И, взяв у матери белье, он схватил с полки мыло и выбежал из дома.

— Только ты недолго, завтрак остынет! — крикнула мать ему вдогонку; Виллу ответил ей что-то, но что именно, она не расслышала. Она смотрела лишь, как Виллу, точно мальчишка, бежит к лесу, а Неэро с лаем и визгом мчится впереди, и думала: он все такой же, как и год тому назад, такой же сорвиголова, такой же непоседа, того и гляди, второй глаз себе выколет. Да только он, поди, и ослепнув, не перестанет бегать по лесам.

2

Виллу, не останавливаясь, промчался вдоль поля и углубился в лес. Здесь он пошел шагом, чтобы немного отдышаться, а потом снова пустился бегом, пока не добежал до дороги. Он мог бы, наверное, передохнув разок-другой, бежать до самого озера, до которого отсюда с полверсты, если бы на песчаной дороге ему друг не бросилось в глаза нечто такое, что заставило его тотчас же перейти на шаг, а потом и остановиться. На песке отчетливо выделялись следы женских ботинок, между тем, по мнению Виллу, на этой лесной дороге, ведущей в Мядасоо, Метстоа и Пыргупыхья, таких следов быть не должно. Трудно поверить, чтобы за один год ступни здешних девушек стали вдруг такими узкими и маленькими, а каблуки их башмаков такими высокими и тонкими. Приглядевшись к следам, Виллу убедился, что они ведут из усадьбы Кырбоя и возвращаются туда же. Он охотно вернулся бы, чтобы посмотреть, далеко ли ведут следы и где поворачивают обратно, но мыло и сверток белья под мышкой напомнили ему, что он вышел из дому вовсе не для того, чтобы разглядывать женские следы.

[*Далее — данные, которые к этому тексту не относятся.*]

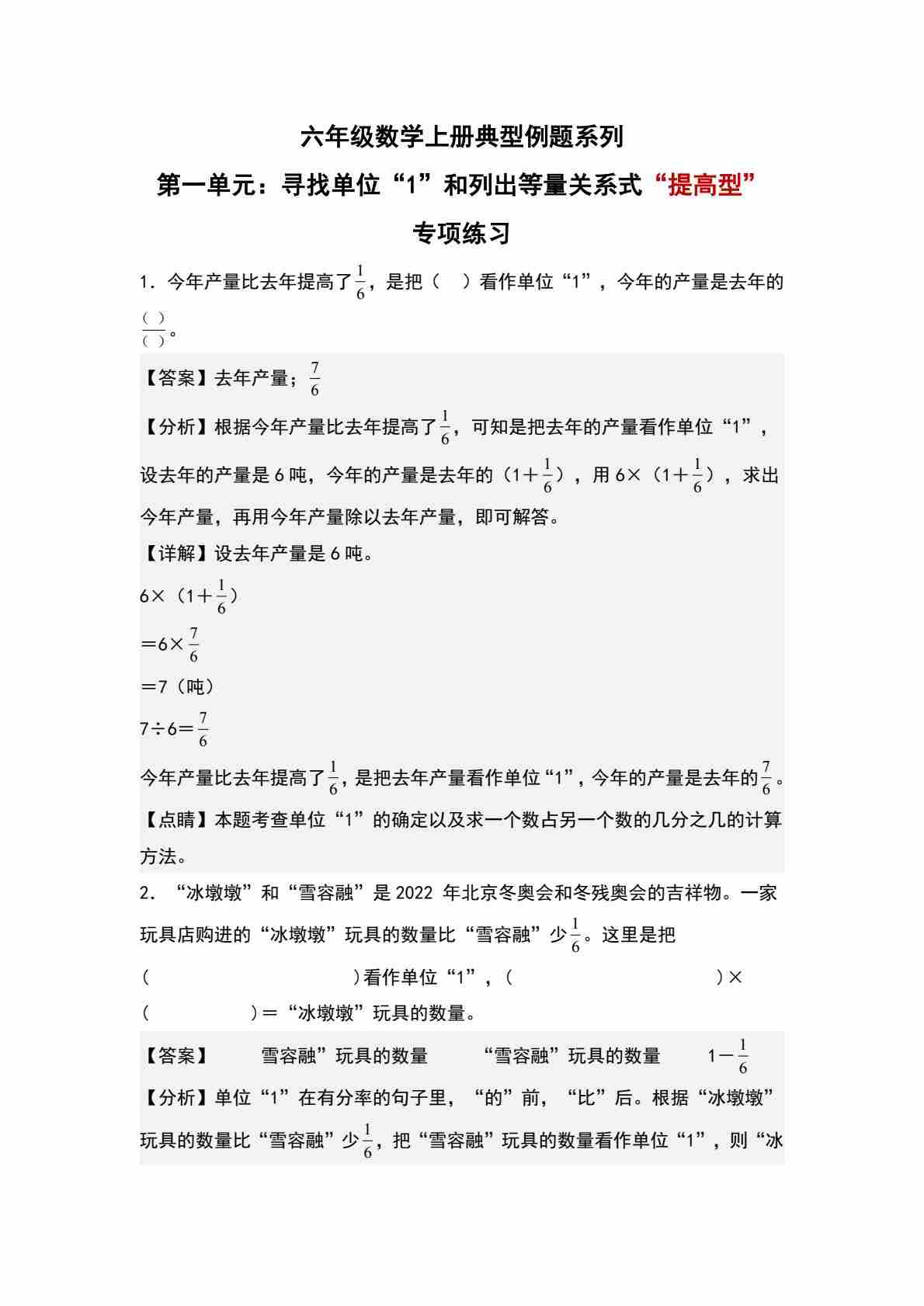 首页 > 全部 > 专项练习 > 六上人教版数学【第一单元:寻找单位“1”和列出等量关系式“提高型”专项练习-典型例题系列(解析版)】

Разглядывание следов было вообще излюбленным развлечением Виллу, его, так сказать, страстью. Есть люди, имеющие привычку считать все, что ни попадется на глаза; даже сидя в вагоне, они невольно считают мелькающие за окном столбы, таблички с цифрами, будки путевых обходчиков. Так и Виллу — он не пропускал ни одного следа без того, чтобы не бросить на него пытливый взгляд. Ему было безразлично, кем оставлен этот след — человеком, диким или домашним животным, живым существом или повозкой, — Виллу все следы разглядывал с почти одинаковым интересом. По следам дикого зверя он старался угадать — спокоен был зверь или чем-то встревожен, промчался прямо вперед или остановился неподалеку, так что при желании его можно еще настигнуть.